I am trying the global atomics vs shared atomics code from NVIDIA blog https://developer.nvidia.com/blog/gpu-pro-tip-fast-histograms-using-shared-atomics-maxwell/
But when I am trying to profile with Nsight Compute CLI, it shows an error for the shared atomics kernel.
==PROF== Connected to process 16078
==PROF== Profiling "histogram_gmem_atomics" - 0: 0%....50%....100% - 1 pass
==PROF== Profiling "histogram_smem_atomics" - 1: 0%....50%....100% - 1 pass
==ERROR== LaunchFailed
==ERROR== LaunchFailed
==PROF== Trying to shutdown target application
==ERROR== The application returned an error code (9).
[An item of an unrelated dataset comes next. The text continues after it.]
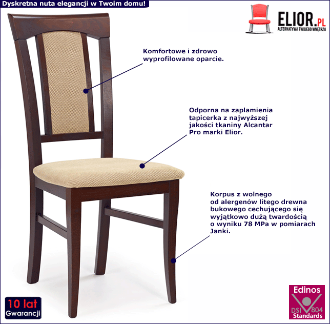 Wykwintne i komfortowe krzesło Ulevis to najnowsze dzieło uzdolnionych projektantów marki Elior. Unikatowa forma i najwyższej jakości materiały to cechy wyróżniające prezentowane krzesło. Korpus krzesła to szlachetne drewno bukowe charakteryzujące się wysoką gęstością na poziomie do 720 mg/m3 oraz wyjątkowo dużą twardością o wyniku do 78 MPa w pomiarach Janki. To naturalne drewno wolne od alergenów i dodatkowo zabezpieczone hipoalergiczną emulsją wodną. Drewno bukowe to idealny surowiec do wyrobu mebli. Buk to klasa sama w sobie. Jest piękny, unikatowy i w 100% ekologiczny. Na uwagę zasługuje również tapicerka mebla, która wykonana została z najwyższej jakości tkaniny Alcatar Pro marki Elior. Materiał jest trwały, łatwo się czyści i elegancko prezentuje. Dodatkowo cechuje się dużą odpornością na ścieranie i zabrudzenia oraz niezwykłą miękkością w dotyku (dzięki warstwie poliuretanu). Tkanina Alcantar Pro, która jako jedyna na rynku produkowana jest z dokładnie wyselekcjonowanych ultramikrowłókien o objętości aż do 24-razy drobniejszej od ludzkiego włosa, charakteryzuje się wyjątkową żywotnością, odpornością oraz niezwykłą łatwością w utrzymaniu. Posiada ponadprzeciętne cechy wytrzymałościowe, dzięki czemu unikniesz co sezonowej wymiany tapicerki. Tkanina Alcantar jest bardzo praktyczna, można ją czyścić na mokro, co jest niezwykle istotne w przypadku mebli wykorzystywanych podczas posiłków. Atrakcyjność prezentowanego krzesła Ulevis potęguje fakt, że w tej samej propozycji cenowej istnieje możliwość wyboru koloru korpusu mebla. Do dyspozycji masz: biały, ciemny orzech, czereśnię antyczną, dąb miodowy i dąb sonoma. Czy już wiesz, który kolor będzie pasował do Twojego wnętrza? Z pewnością tak. Otwórz się na piękno i zaproś do swojego salonu, kuchni czy jadalni wyjątkowy produkt w stylowym wydaniu.

==ERROR== An error occurred while trying to profile.
==WARNING== Found outstanding GPU clock reset, trying to revert...Success.
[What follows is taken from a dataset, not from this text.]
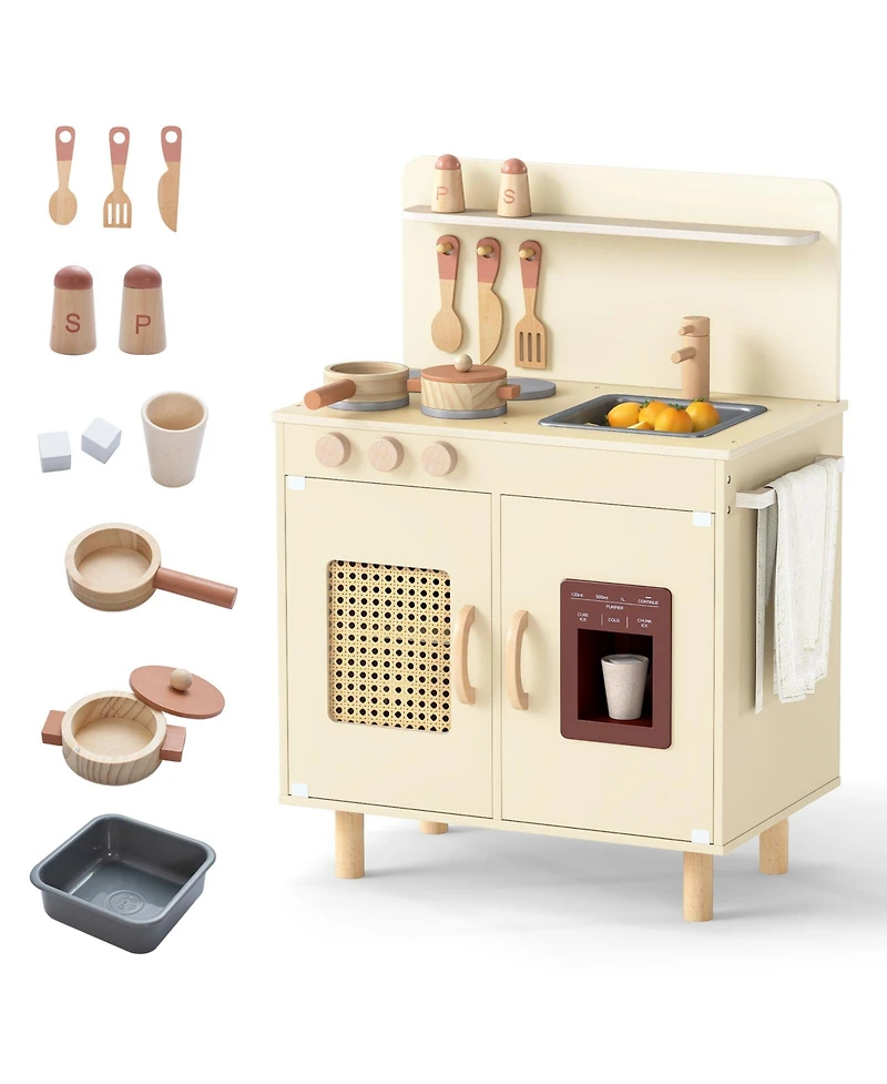 Inspire budding chefs with this feature-rich play kitchen for ages 3+. Kids can ""wash"" veggies in the sink, cook on the stovetop with turnable knobs, and enjoy extra realism with a working ice maker that dispenses ice cubes. Includes a full accessory set-stew pot, frying pan, play knife, seasoning bottles, and more-so kids can copy real kitchen routines. A spice rack, towel rack, and storage areas make cleanup part of the fun. Built from sturdy wood with rounded corners for safer play and long-lasting use.

[16078] histogram@127.0.0.1
histogram_gmem_atomics(const IN_TYPE *, int, int, unsigned int *), 2023-Mar-09 12:55:43, Context 1, Stream 7
Section: Command line profiler metrics
---------------------------------------------------------------------- --------------- ------------------------------
dram__bytes.sum.per_second Gbyte/second 13,98
---------------------------------------------------------------------- --------------- ------------------------------
histogram_smem_atomics(const IN_TYPE *, int, int, unsigned int *), 2023-Mar-09 12:55:43, Context 1, Stream 7
Section: Command line profiler metrics
---------------------------------------------------------------------- --------------- ------------------------------
dram__bytes.sum.per_second byte/second (!) nan
---------------------------------------------------------------------- --------------- ------------------------------
Why is this showing an error in ncu? For referance my main function looks like this:
#define NUM_BINS 480
#define NUM_PARTS 48
struct IN_TYPE
{
int x;
int y;
int z;
};
int main(){
int height = 480;
int width = height;
auto nThread = 16;
auto nBlock = (height) / nThread;
IN_TYPE* h_in_image, *d_in_image;
unsigned int* d_out_image;
h_in_image = (IN_TYPE *)malloc(height*width * sizeof(IN_TYPE));
cudaMalloc(&d_in_image, height*width * sizeof(IN_TYPE));
cudaMalloc(&d_out_image, height*width * sizeof(unsigned int));
for (int n = 0; n < (height*width); n++)
{
h_in_image[n].x = rand()%10;
h_in_image[n].y = rand()%10;
h_in_image[n].z = rand()%10;
}
cudaMemcpy(d_in_image, h_in_image, height*width * sizeof(IN_TYPE), cudaMemcpyHostToDevice);
histogram_gmem_atomics<<<nBlock, nThread>>>(d_in_image, width, height, d_out_image);
cudaDeviceSynchronize();
// not copying the results back as of now
histogram_smem_atomics<<<nBlock, nThread>>>(d_in_image, width, height, d_out_image);
cudaDeviceSynchronize();
}